Mr Baron was extradited from Hungary to face proceedings in the US, and pleaded guilty to one count of conspiracy to defraud the U.S. by failing to comply with FATCA. He faces a maximum sentence of five years imprisonment.
This was the first ever conviction under FATCA, a 2010 law designed to reduce tax evasion through the use of bank accounts outside the US. The passage of the legislation was not without controversy; many felt that the requirements imposed on non-US financial institutions – namely, searching the banks’ databases (and potentially other documents) to identify potential U.S. customers, collecting additional information from such customers, and disclosing certain information about U.S. accounts – was too far-reaching in terms of extraterritoriality.
However, Mr Baron’s recent conviction sends a clear message, that U.S. enforcement authorities are prepared to prosecute not just the U.S. account holders themselves, but also those (whatever their nationality) who facilitate the tax evasion. It was irrelevant that Mr Baron was a UK national, that the Bank was based in St Vincent, and that the meetings with the undercover agent took place in Budapest. What mattered was that Mr Baron was well aware that the agent was a U.S. citizen, but failed to make the proper disclosures to the IRS under FATCA.
Extraterritorial action by the U.S. is not unknown. The DOJ's Swiss Bank Program, was announced by the DOJ and the Swiss government on 29 August 2013. The Program provided a path for certain Swiss banks to resolve potential U.S. criminal liabilities, if they had reason to believe that they may have committed taxrelated criminal offences or monetary transactions offences in connection with undeclared US-related accounts held by the Bank during a specified time period. Thus far, 80 non-prosecution agreements have been entered into and significant fines have been paid.
The Pursuit of Extraterritorial Tax Evasion: What About the UK?
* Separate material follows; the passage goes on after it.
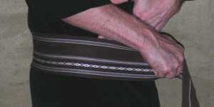 - The starting end of the obi is pulled out, wrapped around the remaining
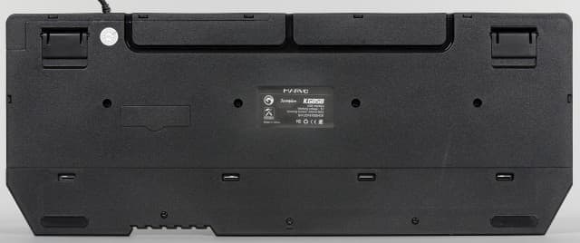 На дне можно заметить две крупные резиновые вставки в передней части. Однако по факту они не плотно контактируют со столом, так что в реальности удерживают клавиатуру не очень хорошо.

The UK also has the elimination of tax evasion (both domestically and abroad) well within its sights. The UK Criminal Finances Act 2017 introduced two new offences for corporates relating to the failure to prevent facilitation of tax evasion of either UK taxes or non-UK taxes by employees, agents or any other person performing services for or on behalf of the corporate (in each case, acting in that capacity).1
The offences are modelled on the strict liability corporate offence in the UK Bribery Act. Their extraterritorial application is wide and applies to companies incorporated in the UK or which carry on a business (or part of a business) in the UK or if any part of the non-UK tax evasion facilitation offence takes place in the UK. Similar to the UK Bribery Act, there is a compliance defence if the corporation had in place “reasonable prevention procedures” with similar requirements to the Bribery Act.
This enables UK enforcement authorities to prosecute companies in relation to the evasion of both UK and overseas tax, depending on the circumstances. The UK revenue collection agency, HM Revenue & Customs ("HMRC"), is not to be underestimated. HMRC has proved itself willing to deploy undercover operatives, pay informants and, in certain circumstances, use stolen data.2 Its team of sophisticated investigators regularly conduct complex criminal and civil investigations.
In a world where it is increasingly hard to keep affairs private and data leaks by employees are a serious risk for corporates, the risk of a tax investigation or prosecution based on complex cross-border arrangements has never been higher. These new offences will make it much easier for HMRC, possibly in concert with the taxing authorities of any other jurisdiction involved, to pursue corporates regarding such arrangements.